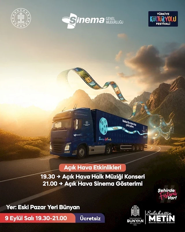 Etkinlik, 9 Eylül Salı günü 19.30 - 21.00 saatleri arasında Eski Pazar Yeri’nde gerçekleştirilecek. Programda açık hava sinema gösterimi ve halk müziği konseri yer alacak. Bünyan Belediye Başkanı Selahattin Metin; "Tüm hemşehrilerimizi kültür ve sanatla dolu bu güzel akşamı birlikte yaşamaya davet ediyorum. Gelin, hep birlikte keyifli bir gece geçirelim" dedi.
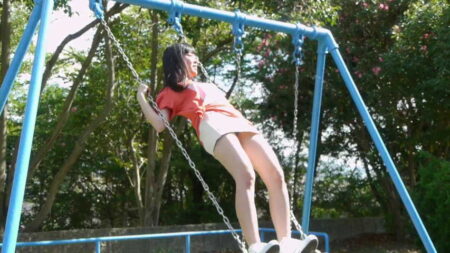 ブランコに乗って、黒パンチラ
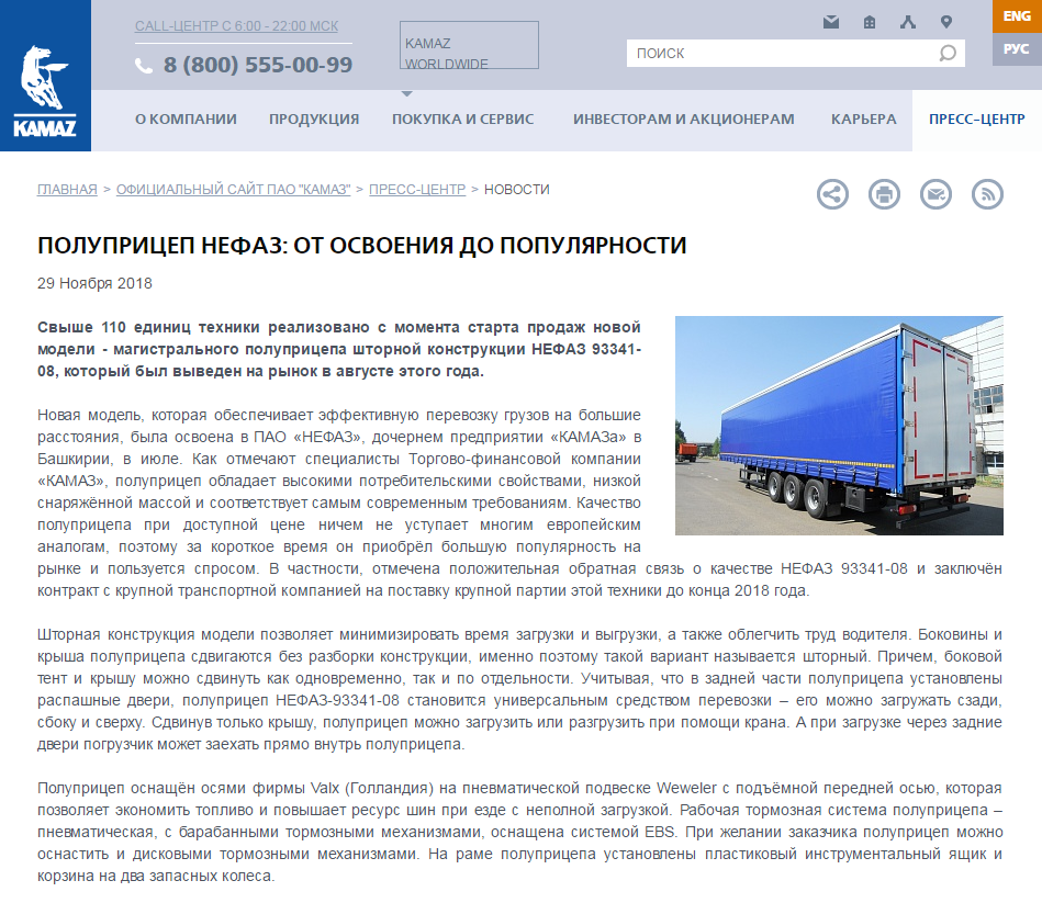 作為側(cè)簾半掛車的新車型,NEFAZ 93341-08自從今年8月份推出市場以來,累計(jì)銷量已經(jīng)超過110臺。

# About this task:
Return every line above exactly, omitting images.

# Completed exercise:
 Etkinlik, 9 Eylül Salı günü 19.30 - 21.00 saatleri arasında Eski Pazar Yeri’nde gerçekleştirilecek. Programda açık hava sinema gösterimi ve halk müziği konseri yer alacak. Bünyan Belediye Başkanı Selahattin Metin; "Tüm hemşehrilerimizi kültür ve sanatla dolu bu güzel akşamı birlikte yaşamaya davet ediyorum. Gelin, hep birlikte keyifli bir gece geçirelim" dedi.
 ブランコに乗って、黒パンチラ
 作為側(cè)簾半掛車的新車型,NEFAZ 93341-08自從今年8月份推出市場以來,累計(jì)銷量已經(jīng)超過110臺。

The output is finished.